Veluvolu K C, Tatinati S, Hong S M, Ang W T
Annu Int Conf IEEE Eng Med Biol Soc. 2013;2013:5075-8. doi: 10.1109/EMBC.2013.6610689.
The performance of surgical robotic devices in real-time mainly depends on phase-delay in sensors and filtering process. A phase delay of 16-20 ms is unavoidable in these robotics procedures due to the presence of hardware low pass filter in sensors and pre-filtering required in later stages of cancellation.
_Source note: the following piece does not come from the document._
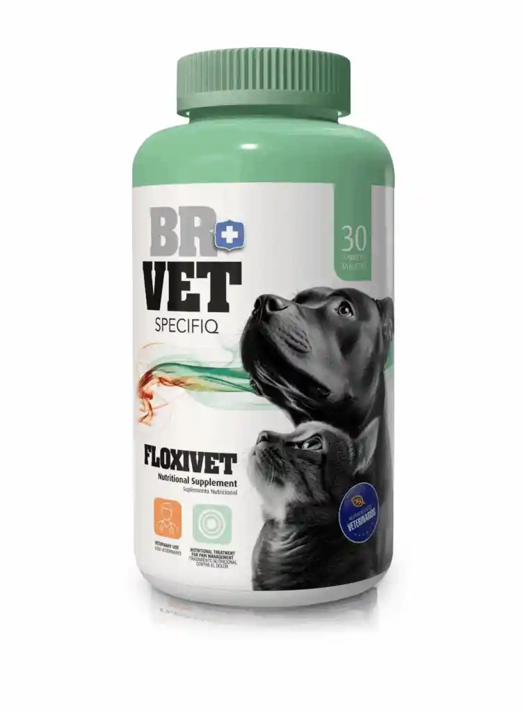 BRVet – FLOXIVET Suplemento alimenticio en tabletas indicado como tratamiento natural para el dolor del aparato osteomuscular. Frasco x 30 Tabletas Sabor a Vainilla COMPOSICION ACTIVA (Por tableta de 1520 mg): Condroitina sulfato: 466 mg. Complejo B: Tiamina (50 mg), Piridoxina (75 mg). Cianocobalamina (5 mg). Minerales: Sulfato ferroso (3 mg), Sulfato de zinc (0,3 mg), Sulfato de manganeso (0,7 mg). Extractos naturales: Árnica montana, Mercurius solubilis, Hepar sulfuris Excipientes y saborizantes palatables. Osteoartritis, displasia de cadera/codo, espondiloartrosis. Dolor musculoesquelético crónico o agudo (coadyuvante). Recuperación post-quirúrgica en ortopedia. Soporte en animales geriátricos con pérdida de movilidad. Déficits nutricionales asociados a vitaminas delcomplejo B.Osteoartritis, displasia de cadera/codo, espondiloartrosis. Dolor musculoesquelético crónico o agudo (coadyuvante). Recuperación post-quirúrgica en ortopedia. Soporte en animales geriátricos con pérdida de movilidad. Déficits nutricionales asociados a vitaminas del complejo B. Indicaciones Osteoartritis, displasia de cadera/codo, espondiloartrosis. Dolor musculoesquelético crónico o agudo (coadyuvante). Recuperación post-quirúrgica en ortopedia. Soporte en animales geriátricos con pérdida de movilidad. Déficits nutricionales asociados a vitaminas del complejo B

To overcome this phase delay, we employ multi-step prediction with band limited multiple Fourier linear combiner (BMFLC) and Autoregressive (AR) methods. Results show that the overall accuracy is improved by 60% for tremor estimation compared to single-step prediction methods in the presence of phase delay. Experimental results with the proposed methods for 1-DOF tremor estimation highlight the improvement.
手术机器人设备的实时性能主要取决于传感器和滤波过程中的相位延迟。由于传感器中存在硬件低通滤波器以及在后期消除阶段需要进行预滤波,在这些机器人手术过程中16 - 20毫秒的相位延迟是不可避免的。为了克服这种相位延迟,我们采用了带限多傅里叶线性组合器(BMFLC)和自回归(AR)方法的多步预测。结果表明,在存在相位延迟的情况下,与单步预测方法相比,震颤估计的整体准确率提高了60%。用于一自由度震颤估计的所提方法的实验结果突出了这种改进。